Demand and Supply II Flashcards
What is movement along a curve caused by?
An change in the price results in a change in the quantity demanded (or supplied). ((Ceteris paribus))
What is a shift in demand/supply caused by?
Anything other than price.
What is a leftward movement of a curve signify?
Decrease in demand/supply.
What is a rightward movement of a curve signify?
Increase in demand/supply.
What are some factors causing a shift in demand?
- Change in consumer taste (or preference)
- Change in population
- Change in expectations of future price rises
- Change price of a substitute
- Change in price of a complement
- Change in income (and the product is normal)
- Change in income (and the product is inferior)
Assumption that price remains fixed and
some other factor changes so as to affect the quantity
demanded by the consumer
What is a substitute good?
A product or service that can be used in place of
other products or services. ie: used as replacements.
Example: LPG gas as a substitute for petrol.
What is a Complement good?
Products or services that are consumed together.

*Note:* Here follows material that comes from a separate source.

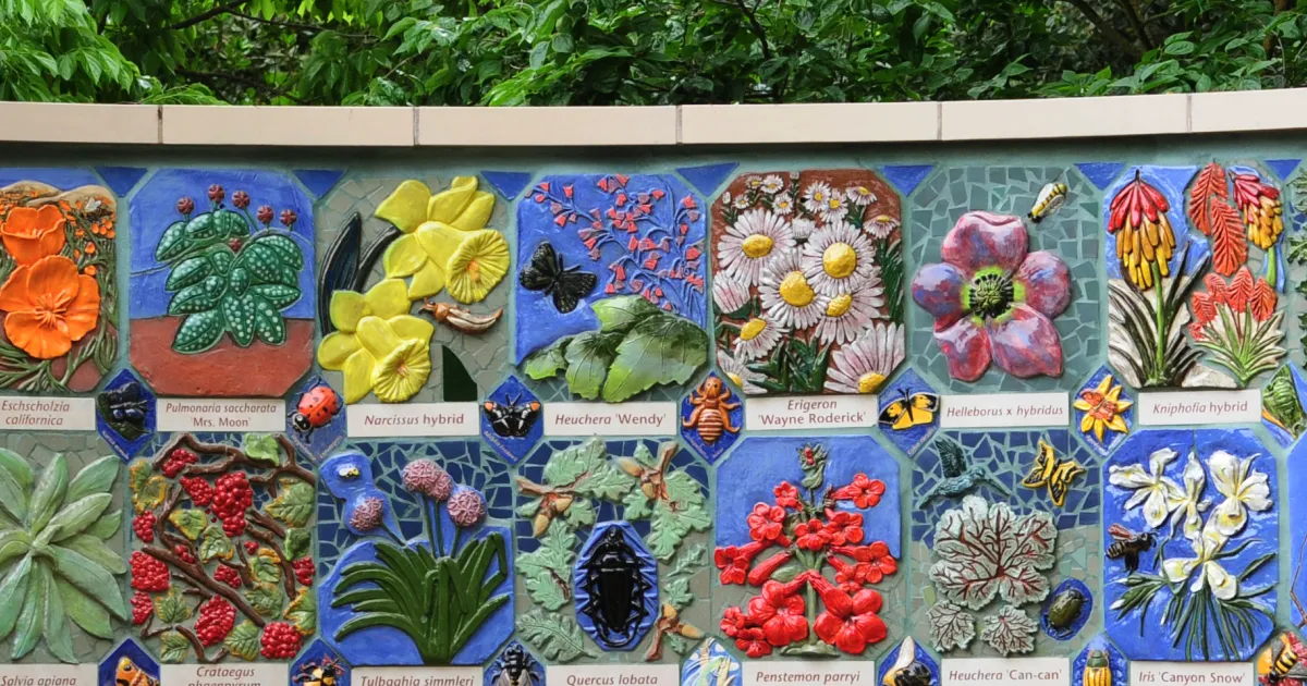 Jane Goodall would have loved this: a dog depicted among the flowers and insects in the UC Davis Art/Science Fusion Program’s ceramic-mosaic mural, “Nature’s Gallery,” in the UC Davis Arboretum and Public Garden.

Examples: computer ink and paper, Big Mac and
fries, beer and peanuts.
What is a normal good?
As income increases, consumer demand
increases for the product or service.
As income decreases, consumer demand decreases for the product or service.
What is an inferior good?
As income decreases, consumer demand
increases for the product or service.
As income increases, consumers demand decreases for the product or service.
What occurs to a substitute good if a price of the other good increases?
Demand for substitute increases. (shift right)
What occurs to a complement good if the original products price increases?
Decrease (left shift) in demand for complement good.
How does income change demand of a Normal and Inferior good?
Normal good demand goes up when income increases.
Inferior good demand increases when income decreases.
What are some factors causing a shift in supply?
- Change in number of suppliers in the market
- Change in expectations of future selling price
- Change in level of input costs
- Change production to a new, substitute product
- Changes in technology
- Changes in government taxes on a product
Shift assumes price remains fixed and
some other factor changes to affect the quantity
supplied by the producer.
How does one calculate profit?
Profit = revenue – expenses
= price/unit * quantity – expenses
How could a suppliers profit increase?
- quantity supplied is able to be increased, while
- expenses remain constant or reduce (per unit sold).
Reducing expenses (per unit sold) allows more to be
supplied at the same price, increasing profit, and
hence a shift in the supply curve to the right.